Study 2 comprised five sessions. The first session took about 90 min and was a diagnostic and educational session. Eating disorder diagnosis was confirmed and additional demographic and illness-related information as well as self-reported measures of self-esteem (Rosenberg SES, [36], body image [37], cognitions on body checking [38, 39], and body checking habits [40, 41] were assessed). In the educational part of the session, the experimenter informed the participant about the procedure in the exposure sessions, handed out information materials about maladaptive cycles of fear of weight gain and avoidance behavior, along with information on how exposure could be used to break this cycle (see online suppl. material, patient manual; for all online suppl. material, see https://doi.org/10.1159/000530932) and discussed how exposure could help break this cycle for the specific patient. We opted for pure exposure instead of any guided procedure to account for the individual character of eating disorder fears [14, 42] and thus need for developing individually adapted appropriate coping strategies. Furthermore, previous studies on mirror exposure reported that pure exposure induces broader effects compared to guided procedures [43, 45]. Patients were informed that they would be exposed to an average body shape, i.e., a long-term realistic body rather than one that they might have immediately after weight gain [46, 48], and planned exposure weights were jointly agreed (see online suppl. materials, experimenter manual). The number of exposure sessions was set to four and chosen based on current practice for exposure reported in the literature [14, 49]. Exposure sessions took about 50 min each (see Fig. 1). During exposure, heart rate was continuously recorded. Before and after exposure, participants completed visual analog scales on arousal, body dissatisfaction, and fear of weight gain as well as figure rating scales for their current and ideal body weight. At the first and last exposure session, salivary samples were collected before and after the exposure.
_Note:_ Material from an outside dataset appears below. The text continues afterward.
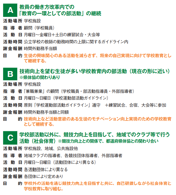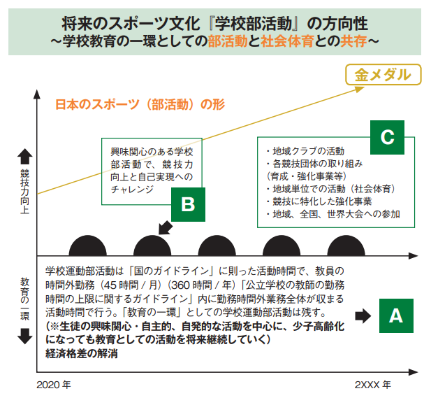 AとCは現状でも問題なく続いていくでしょう。ただ、Bをどう考えるか。もちろんBは全ての学校がそうである必要はありません。それぞれの学校の特色に合わせて都道府県にいくつかあればいいのではないかということで、このBの形を残しながら、この三つが絡み合った形が日本の将来の部活動の形になることが望ましいと考えています。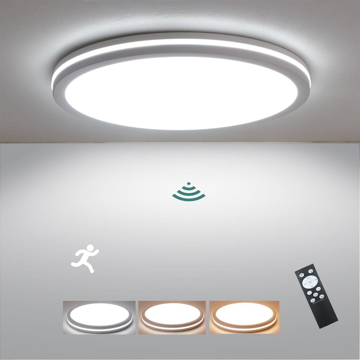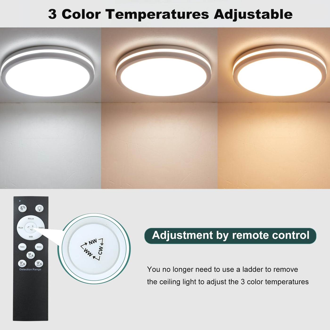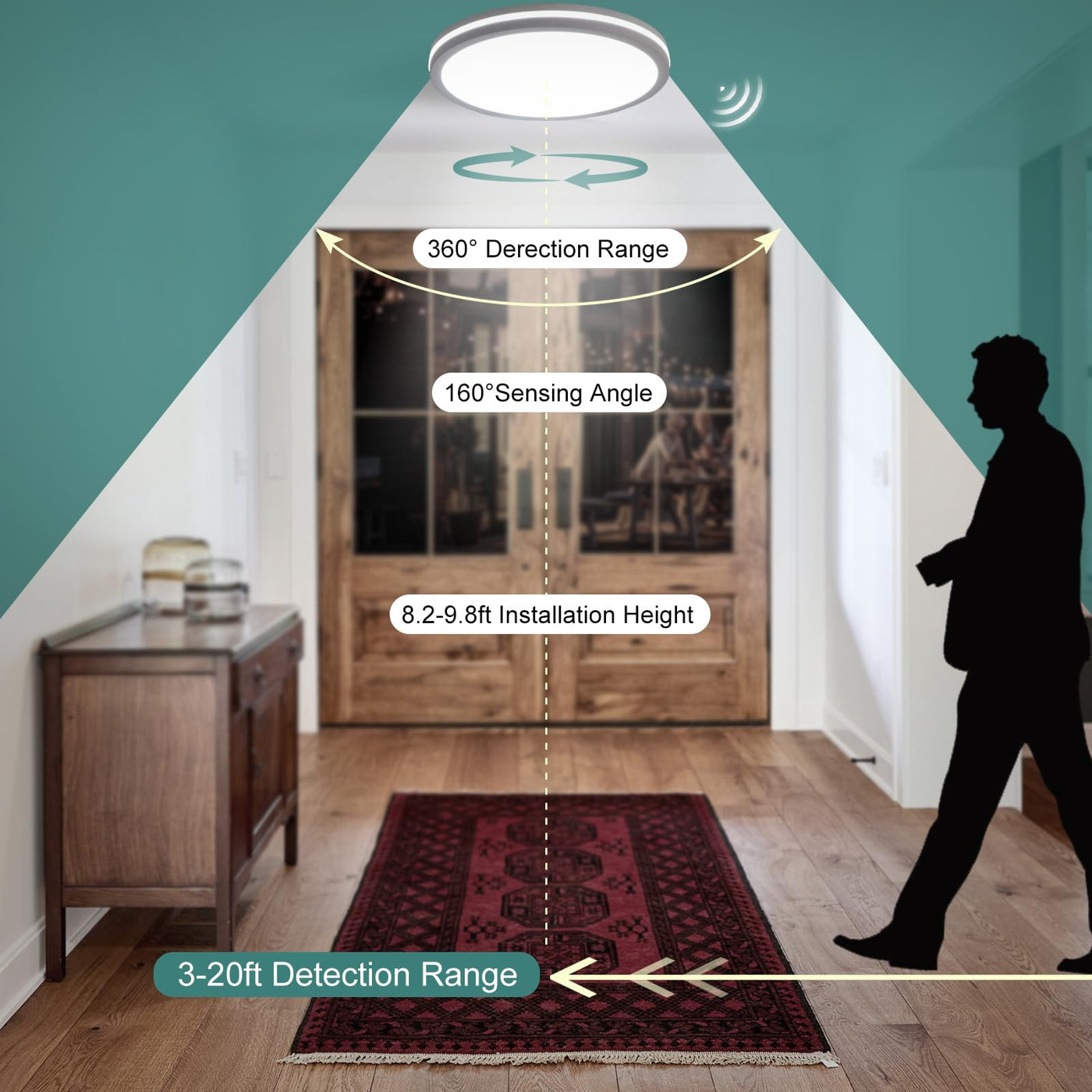 Zsyubo 11 Inch Motion Sensor Ceiling Light Indoor, 24W Flush Mount Ceiling Light Fixture 3000K/4000K/6000K, Motion Sensor Lamp W

Exposure sessions were conducted following an experimenter manual (see online suppl. materials) and only differed in regards to the exposure weight, which was continuously adapted in consultation with the participant. In each session, participants were welcomed, completed baseline assessments of arousal, body dissatisfaction, and fear of weight gain, and were supported in putting on the electrocardiogram device, arm and pelvis trackers, controllers, and headset. Then VR exposure was conducted for 30 min. Participants were exposed to a weight corresponding to at least 19 kg/m2, which could be gradually increased over sessions to up to 25 kg/m2. To maximize potential outcomes on body image and fear of weight gain, the exact exposure weight was determined based on individual considerations to approach either a healthy premorbid weight or to match individual challenges (e.g., a “round” number or slightly above the individual no-go). During exposure, the experimenter asked every 3 min for currently perceived arousal (not fear, as in study 1) on a scale from 0 to 100 and prompted the participant to verbalize her thoughts. Following a manualized procedure (see online suppl. materials), the experimenter paraphrased the thoughts and, if appropriate, gave further hints on technical opportunities (e.g., pointed to the second mirror), with the aim to support the participant in focusing on the exposure. In case of obvious avoidance, this impression was shared in the paraphrases. After exposure 1–3, participants were given the opportunity to reflect on their experiences and the next exposure weight was jointly agreed. After the last exposure session, participants were handed the same debriefing questionnaire asking for VR experience and feedback on the study as in study 1 and a brief semi-structured interview was conducted for more informal feedback.
Outcomes
Arousal
To account for frequently observed problems of patients with AN in verbalizing their emotions [50], arousal before, during, and immediately after exposure was assessed with both physiological measures and self-report. For self-report, patients were asked to quantify their currently perceived arousal on visual analog scale before and after each exposure as well as every 3 min during exposures on a scale from 0 to 100. As a physiological measure, heart rate variability was assessed through low-frequency power (LF), high-frequency power (HF), and root mean square successive difference (RMSSD) for the 3-min bins during exposure as well as the overall exposure sessions.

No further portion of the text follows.